Die Fürsorge- und Erziehungspflicht eines Lehrers gegenüber seinen Schülern geht über die allgemeine Amtspflicht eines Beamten sogar noch hinaus. Dadurch, dass die Schüler verpflichtet sind, die Schule zu besuchen, resultiert für Lehrer während der Schulzeit die Amtspflicht, die Schulkinder vor Schäden an Gesundheit und Vermögen wie auch vor Verletzung anderer grundrechtlich geschützter Güter zu schützen. Sie dürfen weder selbst grundrechtsverletzende Handlungen vornehmen noch solche dulden. Diese Amtspflicht dient dem Schutz der Grundrechte der Schüler, da sie sich während der Schulzeit in der Obhut der Schule befinden. Sie besteht also gerade und unmittelbar den Schülern gegenüber, vergleiche Pfälzisches Oberlandesgericht Zweibrücken in einem lesenswerten Urteil vom 6. Mai 1997, Az. 7 O1150/93.

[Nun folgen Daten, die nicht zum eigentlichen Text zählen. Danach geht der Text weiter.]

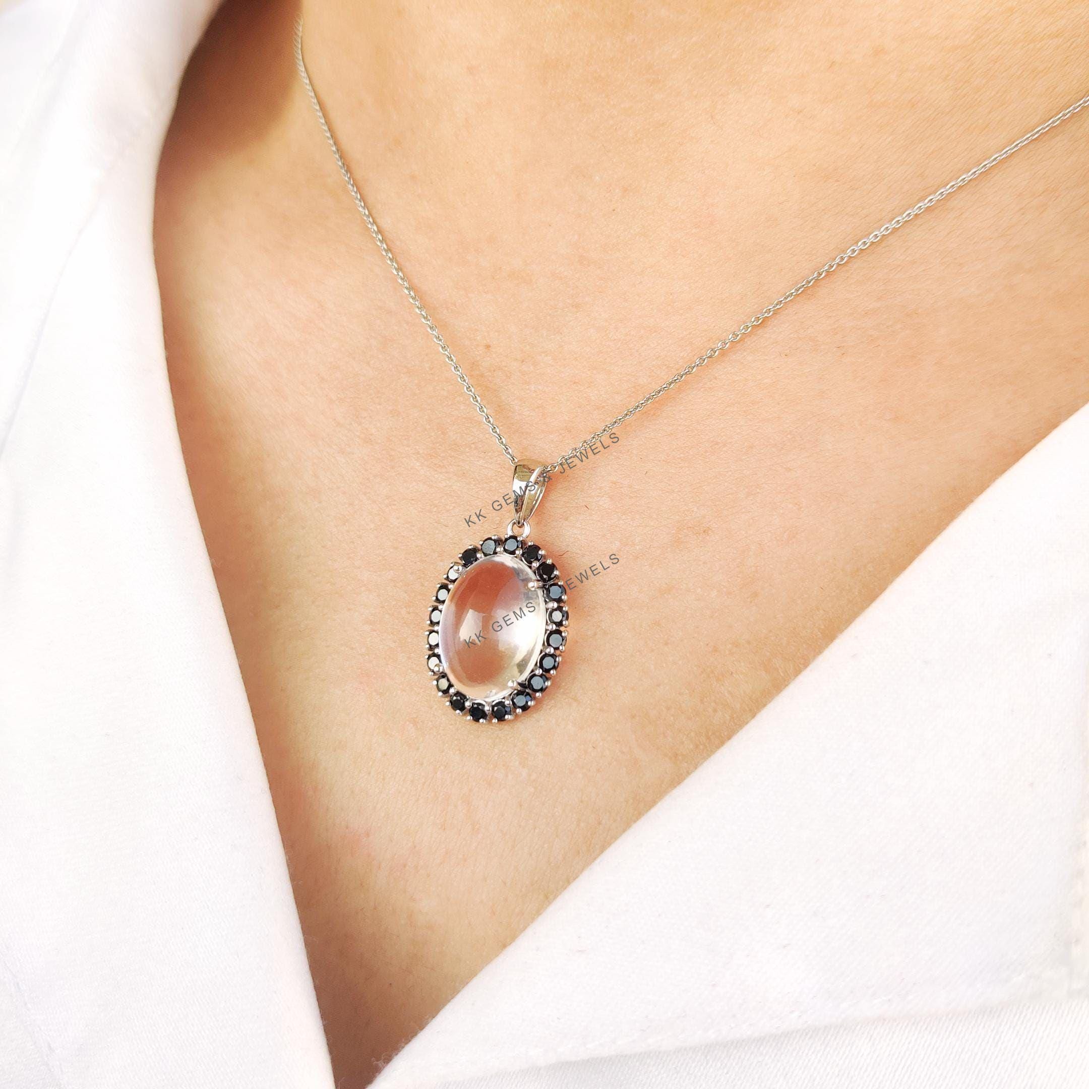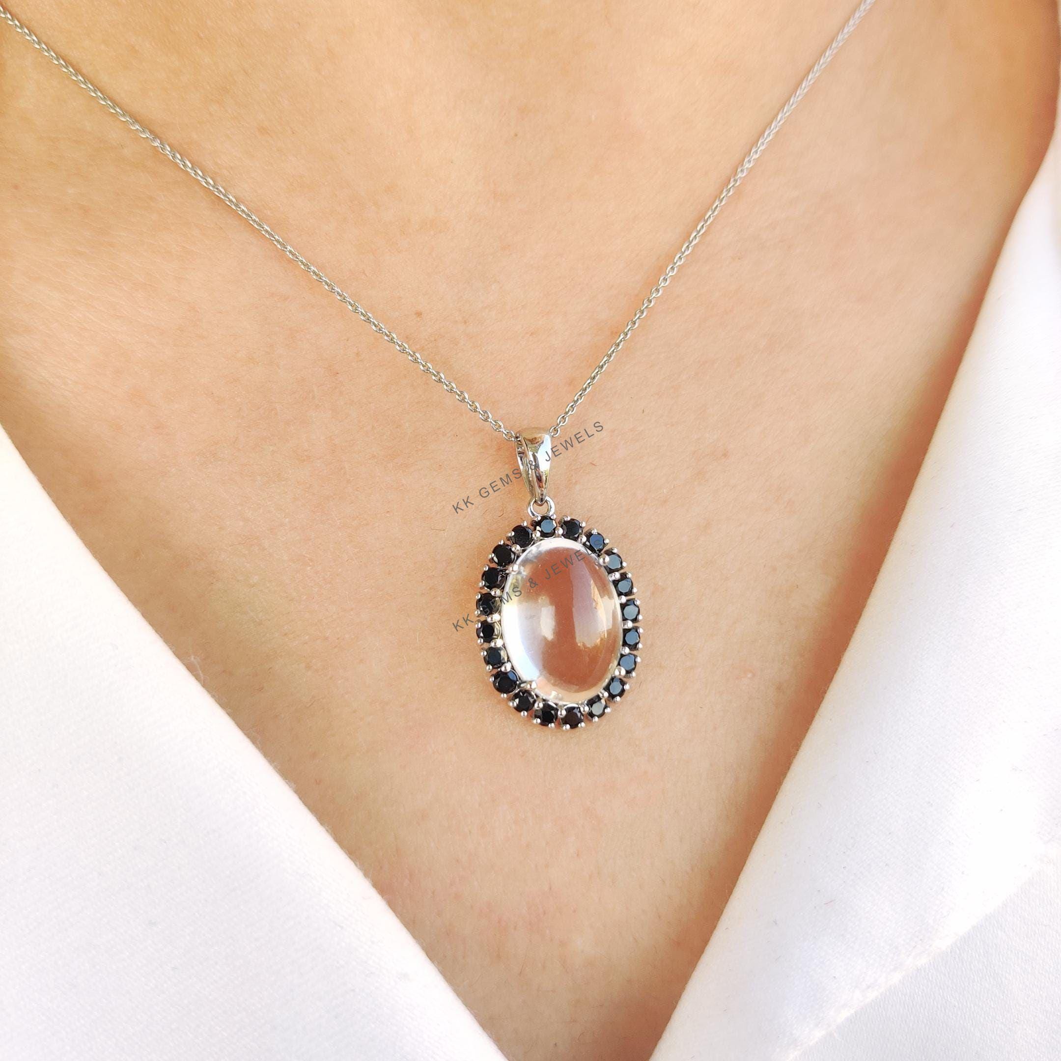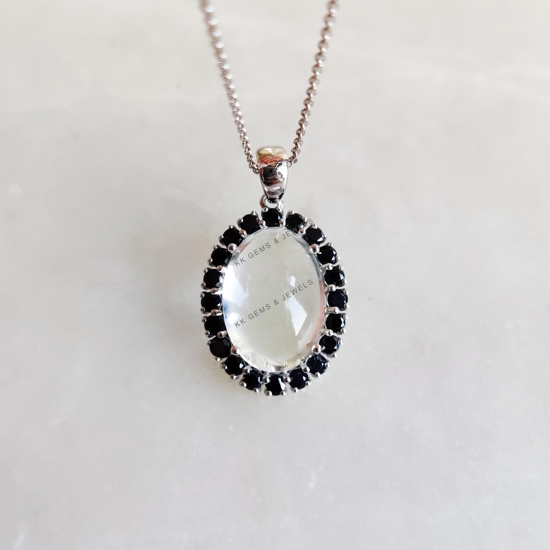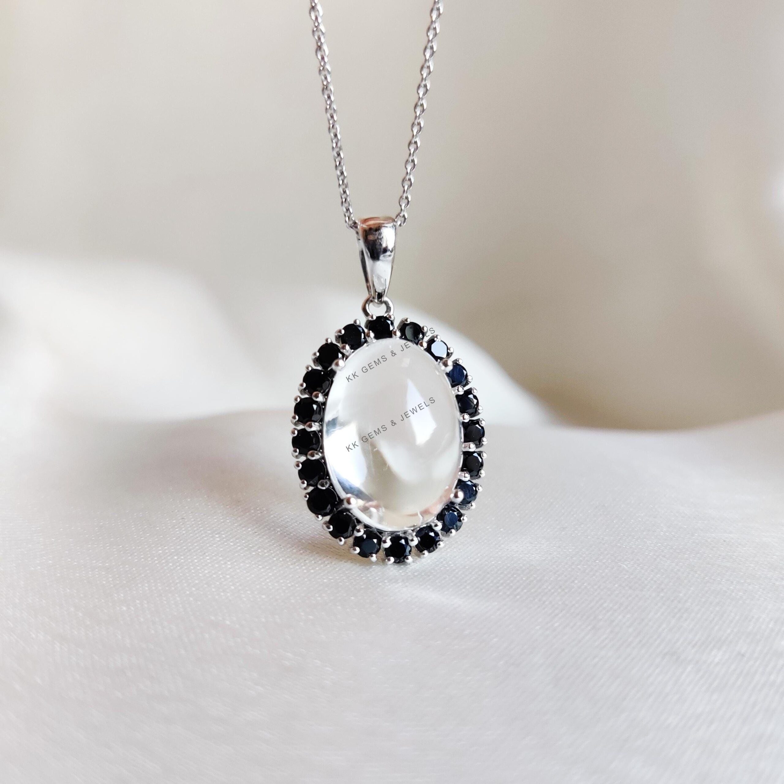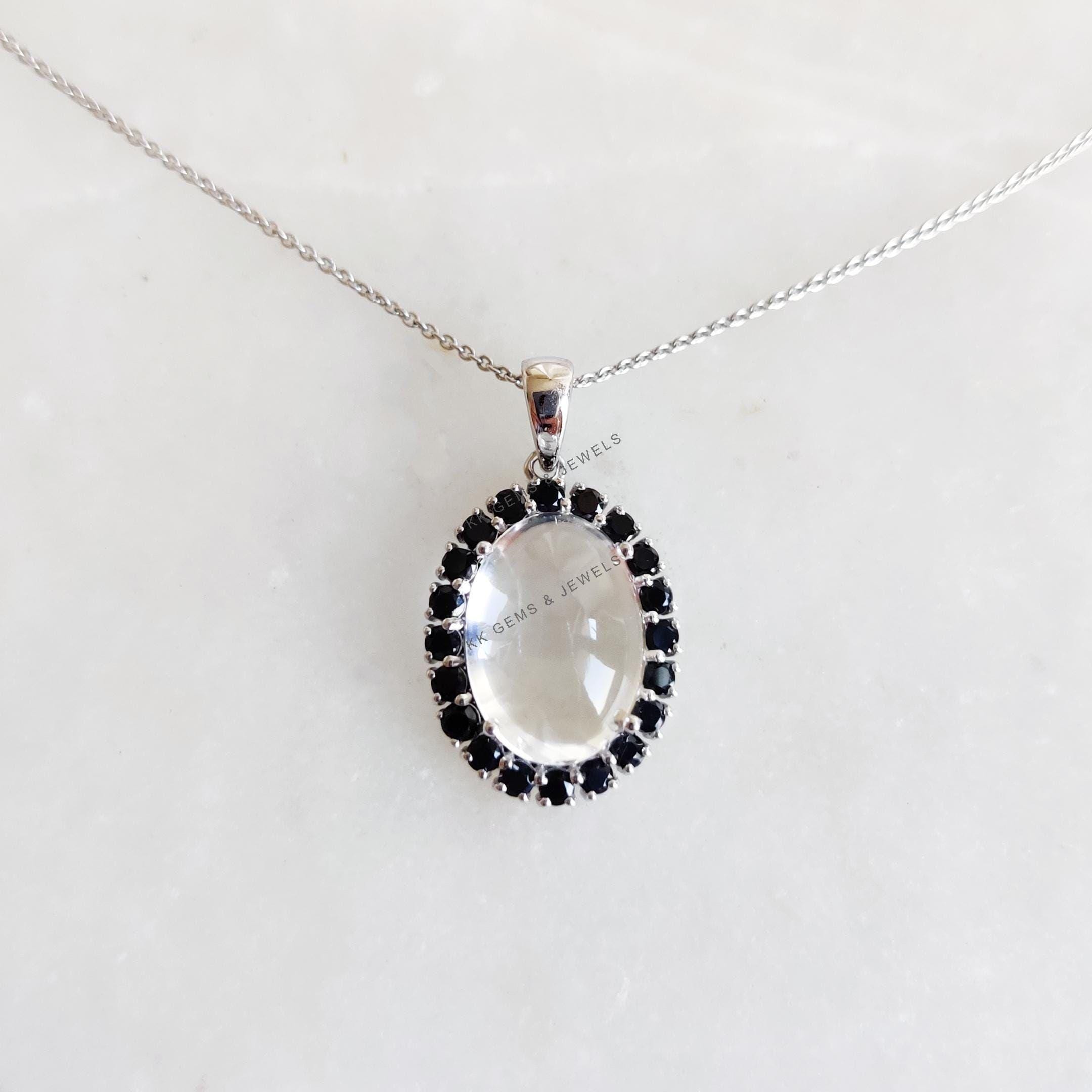 This stunning pendant is set in 14k Solid White Gold with Natural Clear Quartz & Black Spinel with utmost precision. It is an unique gemstone pendant for nearly every occasion and is completely hassle-free jewelry.

Wenn also ein Schüler eine Unterrichtsunterbrechung wünscht und vorgibt, unbedingt zur Toilette zu müssen, lässt sich das nur unterbinden, wenn die Lehrkraft das Risiko in Kauf nimmt, dass sich der Schüler in die Hose macht. Mag es auf den ersten Blick auch vertretbar erscheinen, immer nur einen Schüler zur selben Zeit auf die Toilette zu lassen, wenn den Schülern diese Regelung vorher bekannt ist und sie wissen, dass sie sich rechtzeitig für einen Toilettengang melden müssen – das Risiko bleibt. Grundsätzlich können Lehrer von Oberstufenschülern zwar ein ungleich größeres Durchhaltevermögen verlangen als von Fünft- oder Sechstklässlern. Aber auch hier gilt: Wenn ein Schüler einnässt oder sich zukotet, liegen nicht nur dessen Nerven, sondern auch die der Erziehungsberechtigten blank. Und juristisch steht der Lehrer dann auf ziemlich verlorenem Posten. Da ist die Unterrichtsstörung das erkennbar kleinere Übel …

Michael König

Originalausgabe (PDF-Datei)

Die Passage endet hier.